Nemoto ressalta que a marca entende que há uma preocupação crescente das pessoas, em várias partes do mundo, em relação à alimentação. Ele afirma que os indivíduos estão mais preocupados em consumir alimentos que sejam saudáveis, com baixa caloria, sem conservantes e que contem, ainda, com comprovação científica de seus benefícios. “A linha de alimentos da Yakult tem essa característica e esse objetivo: ajudar as pessoas a ter mais saúde por meio da alimentação. Vamos continuar nesse caminho”, finaliza.

Transformações

Outra empresa que tem se preocupado em atender às novas necessidades de consumo e da sociedade é a Pepsico, que lançou a sua agenda de sustentabilidade de 2025. Os esforços da marca estão voltados para a criação de uma relação mais saudável entre as pessoas e os alimentos.

Os planos da organização têm como base as pesquisas científicas atuais, as expectativas dos consumidores, diálogos com as principais partes interessadas e a Agenda 2030 das Nações Unidas para o Desenvolvimento Sustentável.

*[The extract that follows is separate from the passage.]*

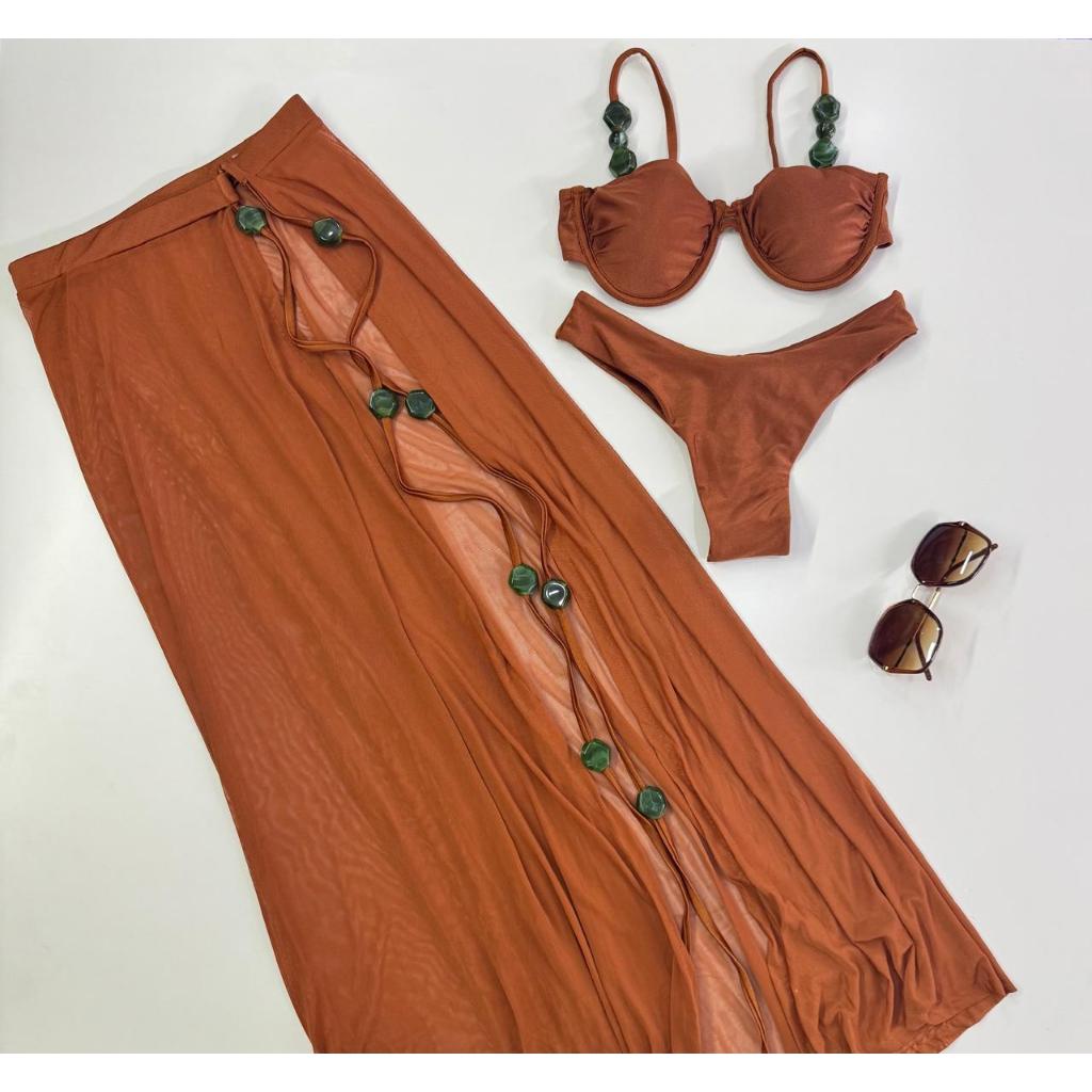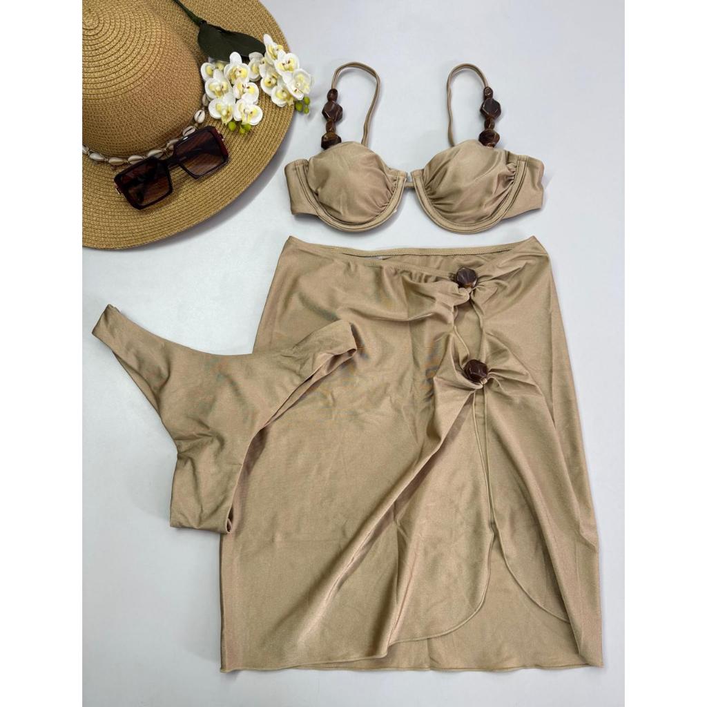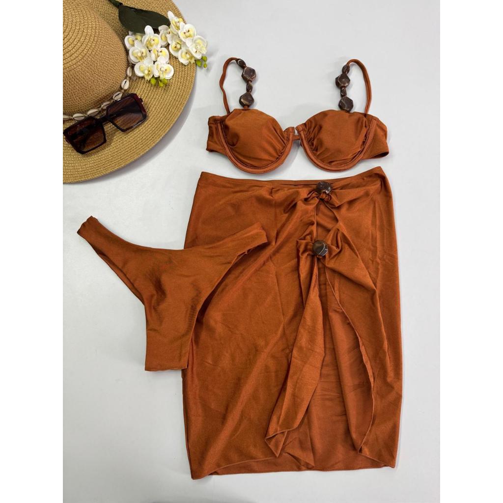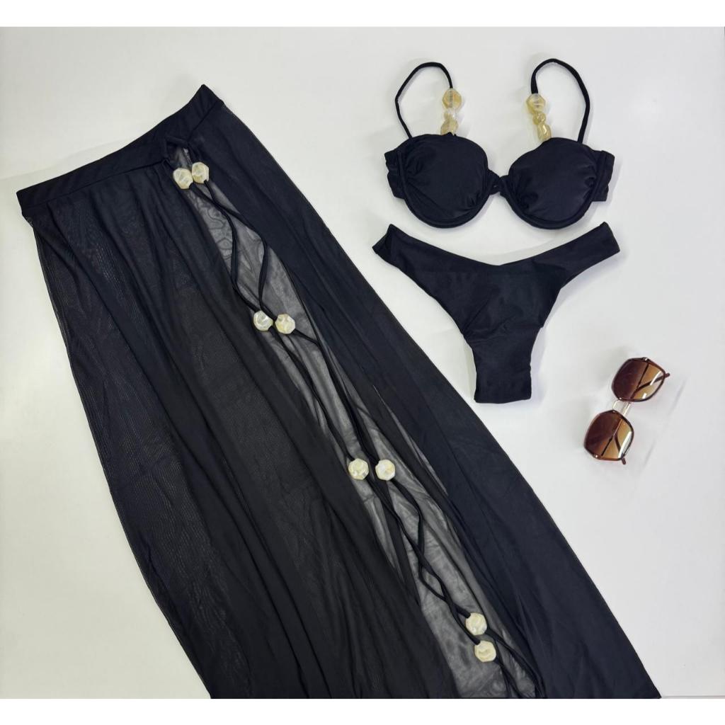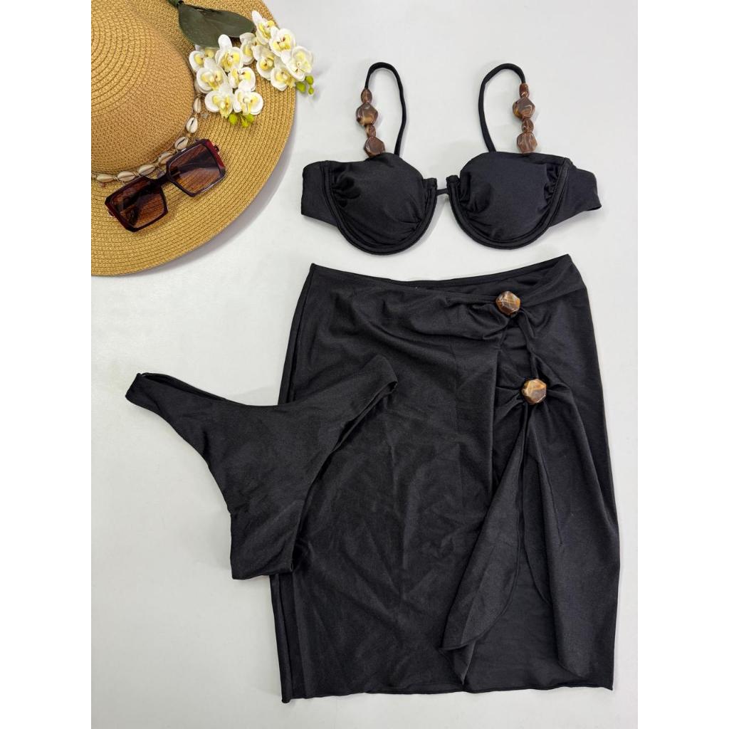 Biquíni 3 Peças com Saída de Praia – Bojo Removível, Alças Reguláveis, Fio Duplo e Detalhes Modernos – P M G GG

A empresa possui várias metas para o ano de 2025. Entre elas, está a de ter pelo menos dois terços de seu portfólio global de bebidas ocupados por produtos que terão 100 calorias ou menos açúcares adicionados por porção de 355 ml. Além disso, no mínimo três quartos do portfólio global de alimentos deverão ter no máximo 1,1 grama de gordura saturada por 100 calorias e no máximo 1,3 miligrama de sódio por caloria.

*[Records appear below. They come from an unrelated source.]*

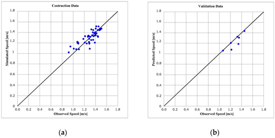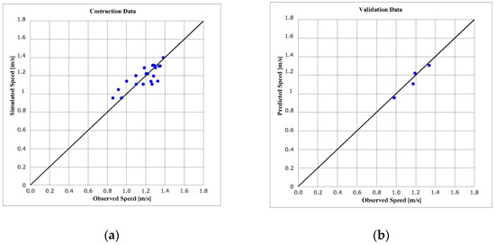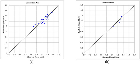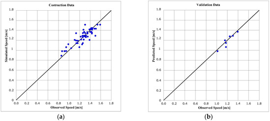 Additionally, in the model validation phase, all the considerations mentioned in the model construction phase are valid: observed and predicted speeds have good agreement if, graphically, data lie roughly on a 45 degree line.
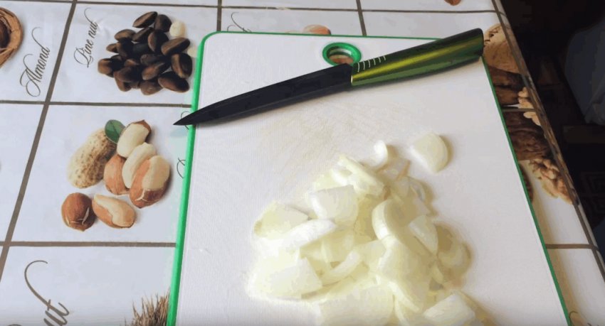 - Очищену цибулину нашаткувати кубиками середніх розмірів.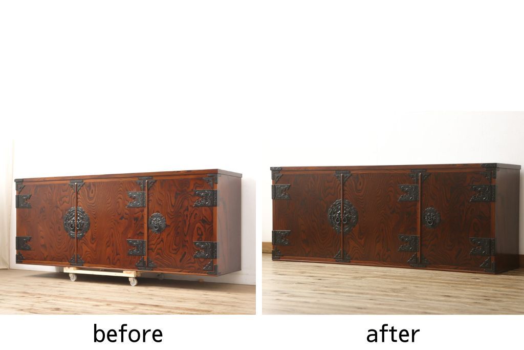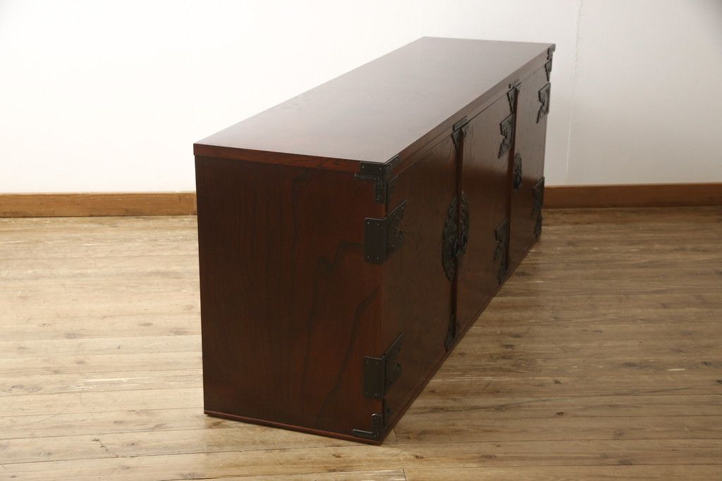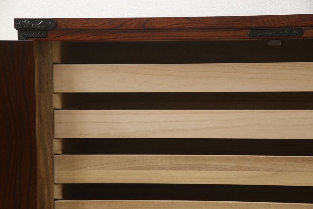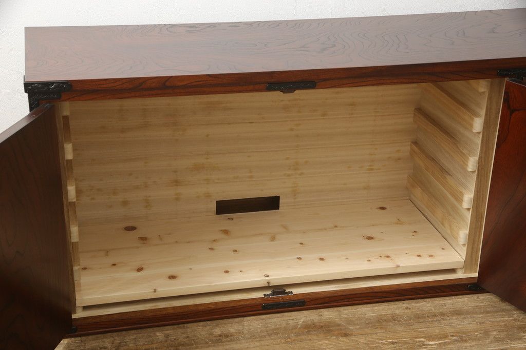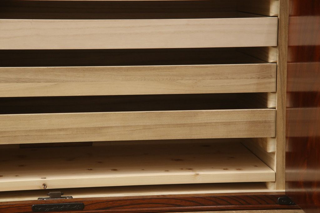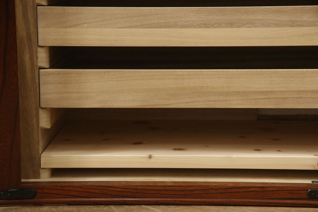和箪笥> 着物箪笥 > サイドボードをリペア&カスタム!配線用穴あけ加工を施し、お盆2杯・棚板1枚製作。色味は現状のお品物に合わせて着色。(ローボード、サイドキャビネット、収納棚、戸棚、テレビ台、着物箪笥)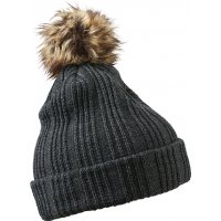 Strickmütze mit Krempe und Fake-Fur Pompon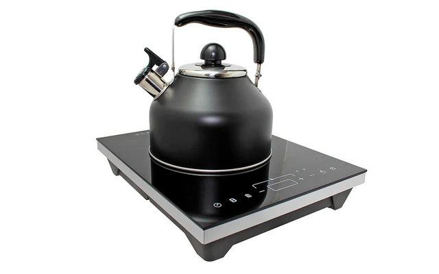 La bouilloire est fabriquée en acier inoxydable de haute qualité et le boîtier est noir satiné. La poignée haute et froide en plastique s’ouvre à la base, ce qui la rend parfaite pour le rangement en voyage et facilite le remplissage d’eau avant l’utilisation. L’élégant couvercle en acier inoxydable est doté d’un bouton en plastique Cool-Touch qui vous permet de faire bouillir de l’eau une par une pour garder la troupe en forme !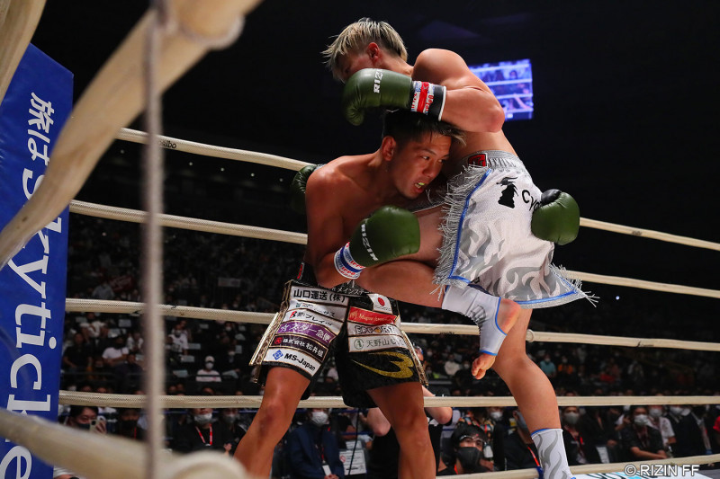 那須川が皇治にヒザ蹴りを突き刺す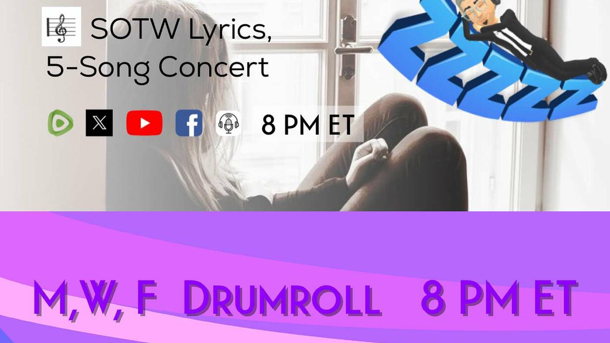 LIVE Drumroll happens right here every Monday, Wednesday, and Friday, at 8 PM Eastern. Monday’s Drumroll, introduces the Song of the Week's title and lyrics. Wednesday will feature the song's backstory, and Friday covers its scripture references. I'll finally release the Song of the Week during Sunday Jam as the 15th song, ending the, 8-9 AM, "getting ready for church, Church Prep" concert. The Monday, Wednesday, Friday shows include playing 5 of the 15 songs from the previous week. Please keep track of your favorite songs. I'm releasing 120 songs in a 3-year window. Free-Download the mp3 demos and lyric sheets at mwdhq.com. LIVE Weekday Drumroll shows are interactive with the audience. Sunday Jam will have no chit-chat, simply, solemn Church Prep.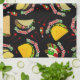 Colourful taco kitchen towel. Ready to salsa into the tastiest Taco Tuesday fiesta? Our Taco Tuesday collection is here to turn up the heat! Picture this: both soft and hard tacos in a sassy dance-off, set against a mysterious black backdrop, while bottles of red hot sauce shake it up! ??️ Get your Taco Tuesday fiesta on with our flavour-packed assortment, perfect for taco aficionados, hot sauce lovers, and party rockers! From zesty accessories to sizzling swag, this Taco Tuesday extravaganza guarantees a night filled with spicy fun and unforgettable flavours. Spice up your taco game and let the fiesta begin - it's time to taco 'bout it!

Outra meta é a taxa de crescimento das vendas dos chamados produtos de Nutrição Diária tornar-se superior à taxa de crescimento das vendas no saldo do portfólio da marca. Essa linha conta com itens que têm grãos integrais, frutas, legumes, hidratação, latícinios e proteínas. Além disso, consumidores e comunidades carentes deverão ter acesso a no mínimo três bilhões de porções de alimentos nutritivos e bebidas.

Os itens da marca são consumidos mais de um bilhão de vezes por dia em mais de 200 países e territórios ao redor do globo. A receita líquida da empresa foi de US$ 63 bilhões em 2015. A organização conta com 22 marcas, que, por sua vez, geram mais de US$ 1 bilhão cada em vendas estimadas por ano.

A Pepsico está no Brasil desde o ano de 1953 e é uma das principais organizações de alimentos e bebidas do país. São 15 plantas e aproximadamente 100 filiais de vendas em todo o território nacional, sendo mais de 13 mil colaboradores. Desde o ano de 1997, a empresa tem uma parceria estreita com a Ambev – Companhia de Bebidas das Américas – , para a comercialização, produção e distribuição de Pepsi, H2OH!, Gatorade, Lipton Ice Tea e Mountain Dew. Até o ano de 2030, a empresa espera, ainda, reduzir em 20% as emissões de gases de efeito estufa em toda a sua cadeia de valor, incluindo também a oferta de produtos agrícolas.